- Theatrical release poster
- Directed by: Lourens Blok
- Screenplay by: Willem Bosch
- Based on: Feuten by Willem Bosch; Michael Leendertse;
- Produced by: Pieter Kuijpers; Sander van Meurs; Iris Otten;
- Starring: Manuel Broekman; Evita Rozenberg; Tim Murck; Hanna Verboom;
- Cinematography: Jacco van Ree
- Edited by: Léon Noordzij; Jef Hertoghs;
- Music by: Jorrit Kleijnen; Alexander Reumers;
- Production company: Pupkin Film
- Distributed by: Independent Films
- Release date: 17 October 2013 (Netherlands);
- Running time: 80 minutes
- Country: Netherlands
- Language: Dutch
- Box office: $1,134,795

= Feuten: Het Feestje =

2011 Dutch drama film

Feuten: Het Feestje (English: Feuten: The Party) is a 2013 Dutch drama film directed by Lourens Blok and written by Willem Bosch. It serves as a stand-alone continuation of the BNN television drama series Feuten created by Willem Bosch and Michael Leendertse. The film stars Evita Rozenberg, Manuel Broekman, Tim Murck and Hanna Verboom. Set several years after the original show, The plot revolves around old and new members of the student fraternity H.S.C. Mercurius, who are invited to the opening party of the new school year.

Feuten: Het Feestje was released in Dutch theatres on October 24, 2013, and received mostly negative reviews. The film was awarded the Golden Film.

==Plot==
The 18 year old Elias and 17 year old Lieve are friends, but not a couple, and move together to Amsterdam for their studies. During introduction week they encounter former student Bram, who invites them to a party for the students of the H.S.C. Mercurius fraternity taking place that evening. Lieve asks Bram if he will join the party, who refuses at first as he hasn't been a student for years at this point, but changed his mind to maybe when he feels nostalgic about his college years. He calls his friends, if they want to join him, which they do.

Long-term student Olivier is joining the party as well. Following a long line of complaints about their fraternity, the police attempt to prohibit the party from happening, however it is held anyway. Lieve goes to the party, mainly because of Bram. Her friend, Elias, hesitated and would in turn arrive later. By accident and against his will, upon arrival Elias is registered as an aspiring member.

After their orders are ignored, the police arrive to shut down the event. Elias sees Lieve going upstairs with Bram. Before he could follow, he was stopped by Beeksma and Noordzij, who inform him only members of the club have access to the upper level. Beeksma and Noordzij decide to prank Elias, but they accidentally let a cask of beer fall on a police car. Elias watches Lieve and Bram again, but Lieve is not impressed by Elias' appearance at the party. Irritated and angry, Elias goes outside and but bumps into a police officer, who hits him, making him turnaround and go back inside. A girl he met earlier tends to his wound. Olivier takes a picture of the wound and posts it on Twitter, which frames Elias as a prominent member of the fraternity who was a victim of police violence, turning him into a hero.
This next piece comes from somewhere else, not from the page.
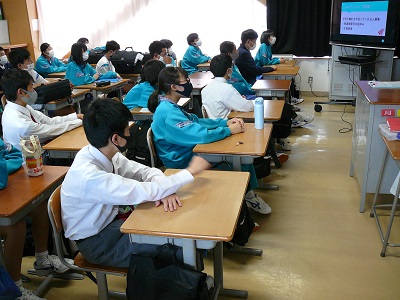 本日5校時終了後、リモートによる「生徒集会」を実施しました。今回は、生徒会本部から「あいさつ運動」「アルミ缶回収」「ベルマーク運動」についての説明がありました。ご協力よろしくお願いします。
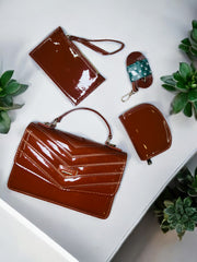 Elegant Glossy 3 Piece Handbag with Chevron Detail D9318

The conflict between the party-goers and the police begins to escalate, with the latter deciding to call in reinforcements and letting some of the party-goers go.

Bram and Lieve almost have sex, but Bram backs out. Lieve is offended by this, and they argue. Meanwhile, Elias is having sex with the girl who looked after his wound, but they are interrupted when he receives a phone call from a sad Lieve, and Elias immediately goes to her.

Some of the people, including Elias and Lieve, obey the police's order and leave the party, while some others remain. Elias changes his mind, and returns to the girl he was sleeping with. Bram is picked up by his wife and child. Olivier surrenders himself to the cops, hoping that the authorities won't shut down the fraternity. The police close the place anyway. The party ends in a confrontation between the remaining party-goers and the police. Elias sees the girl he was sleeping with being arrested, so he punches the police officer, which results in them both being arrested.

The film ends with Elias and his new girlfriend opening a new bank account for a new fraternity named H.S.C. Mercurius, at which she is the treasurer. Olivier has been convicted and sentenced to community service, and begins to look for work.

==Production==
Feuten: Het Feestje was a stand-alone continuation of the BNN television series Feuten. Both Lourens Blok and Willem Bosch reprised their duties from the earlier series, as director and screenwriter respectively. The production took place in Amsterdam with the main party being filmed at the Zonneplein.

==Release==
The original release date for the film was October 24, 2013, but a fan that had the Feuten-app installed, an app that allowed fans one-week early access to the episodes of the show, started a petition in jest that demanded the release date to be moved up by a week. The petition proved to be a major success, receiving over five thousand signatures, with distributor Independent Films announcing that the film would be released on October 17, 2013.

==Reception==
The movie received mostly negative reviews from critics, who contended that only you should watch it if you are already an existing fan of the series.

The film was awarded with the Golden Film having past 100.000 visitors at the box office almost a month after release.